医学部合格物語
駿台OB・OGインタビュー
医療現場で活躍する医師からのメッセージ
 瀬戸 泰之 先生
東京大学-医 卒業(秋田高校卒業)

 医師として考えること

今の生活は、週3日の手術をはじめ、回診や会議などスケジュールがぎっしり詰まっていますが、大変だとは感じません。それは私が、医師、特に手術という仕事が好きだからでしょう。

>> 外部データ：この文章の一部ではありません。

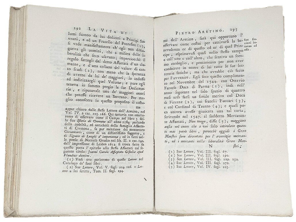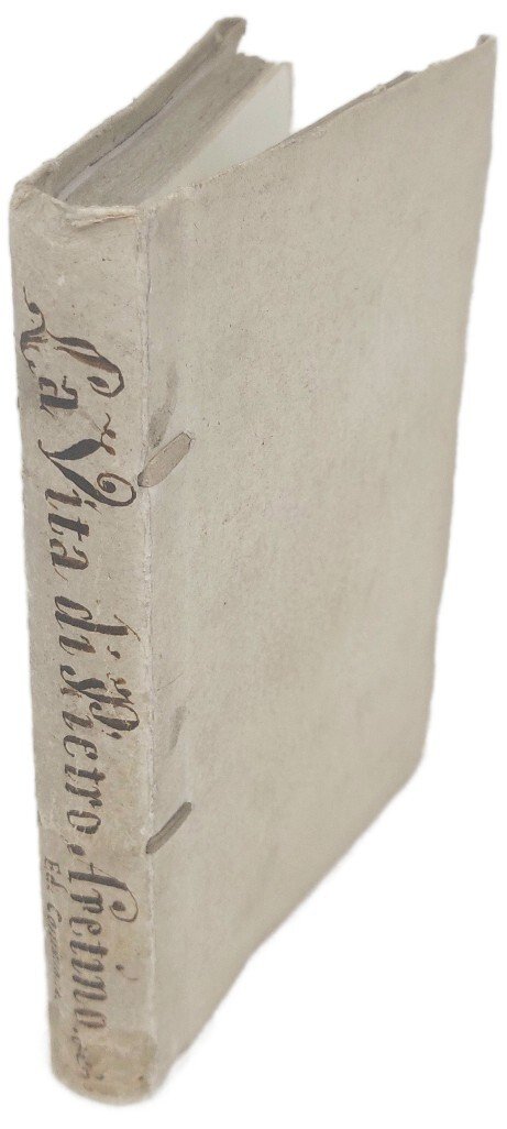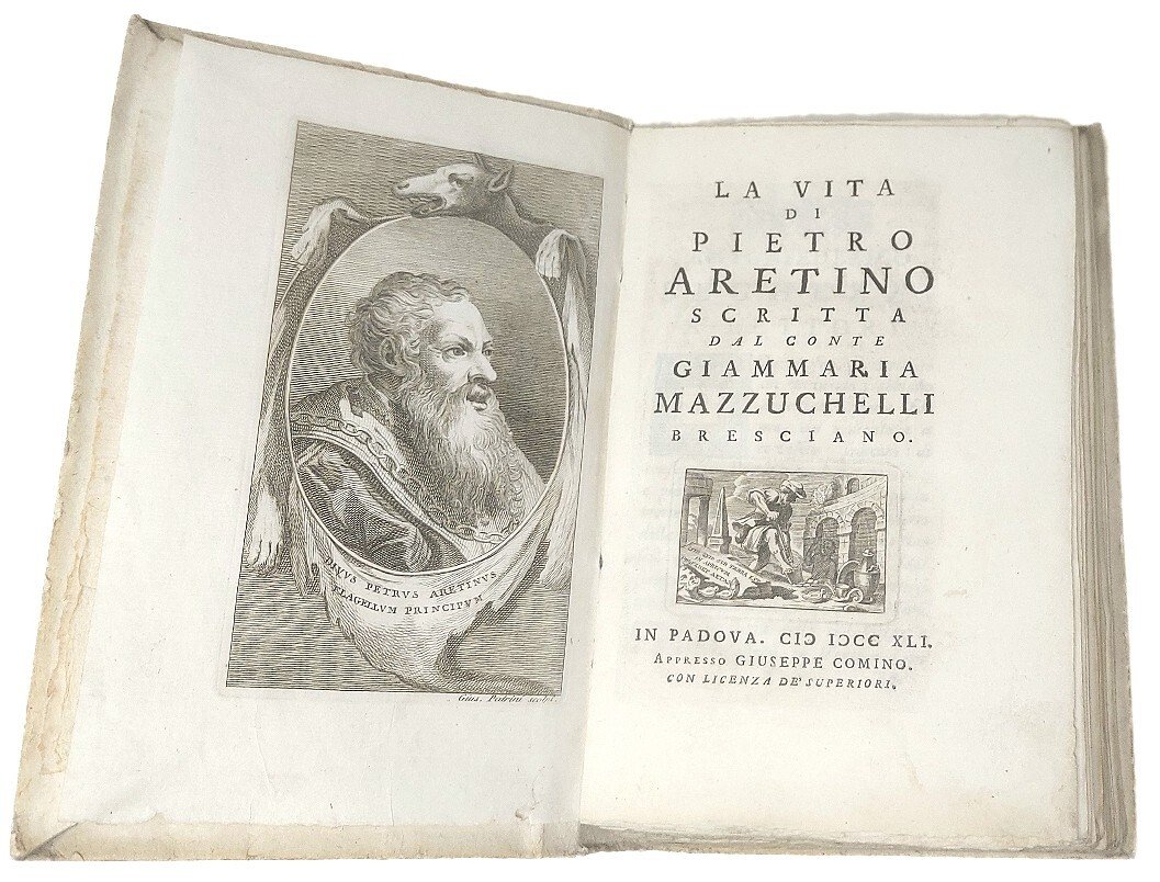 >in-8, pp. VIII, 303, (1), legatura coeva in cartonato rustico, titolo calligrafato lungo il dorso. In antiporta ritratto dell'Aretino inciso da Giuseppe Patrini, inoltre completo di 6 tavole di ritratti inc. in medaglione f.t. Edizione originale di importante e poco comune biografia dell'illustre Aretino, scritta da G.M. Mazzuchelli (Brescia 1707-1765), con ampi cenni bibliografici e una difesa accanita dell'uomo e dello scrittore, che definì ''poeta tosco, di tutti parlò mal fuor che di Cristo, scusandosi col dir: non lo conosco''. Precede l'opera dedica ai Lettori del Seghezzi; in fine aggiunte 4 pp. con il catalogo dei "Libri Cominiani ancora vendibili''. Esemplare perfetto, freschissimo e a pieni margini. Gamba, 2349, nota: ''Il Zeno, ch'ebbe a leggere la prima edizione di Padova, 1741, scrisse che nel suo genere e per ogni verso e' opera eccellente ed originale''. Brunet, III,1563. Graesse, IV,459. Renda-Operti 743.

人に役立って、喜んでもらいたいという気持ちはさまざまな職業に共通するものだと思いますが、それを好きな手術を通して実現できるという立場を、私はとても幸せに感じています。

 どんな駿台生でしたか?

本当に真面目で熱心な駿台生だったと思います。駿台の授業をフル活用し、朝から晩まで勉強していました。模試の順位もみるみる上昇し、まさに駿台のおかげで東大理三に合格できた、と言っても過言ではありません。

 医師に向いている人とは

「自分が医師に向いているか」という判断は難しいことです。私でさえ、医師に向いているかと問われれば、よくわからないのです。ただ私が医師という仕事を好きであることは間違いありません。皆さんも「好きになって頑張れそうだ」という気持ちがあれば、医師に向いていると言って良いと思います。

 医学部を志す受験生へのメッセージ

駿台時代、私は一生のうちで最も勉強したと思います。そのおかげで今の私があります。楽な受験勉強はあり得ません。「絶対に医学部に入るんだ!」という強い気持ちを持って、全力を尽くしてください。

 荒井 裕国 先生
東京医科歯科大学-医 卒業(駒場東邦高校卒業)

 医師として考えること

自分自身が生きるということを突き詰めていないと、良い医師になれません。人の痛みがわかるためには、自分がやりたいと思ったことを夢中になってやり、それを通して喜びや悩みを経験して初めて、患者さんが病気のために失ったものの重みや辛さが心からわかるのではないでしょうか。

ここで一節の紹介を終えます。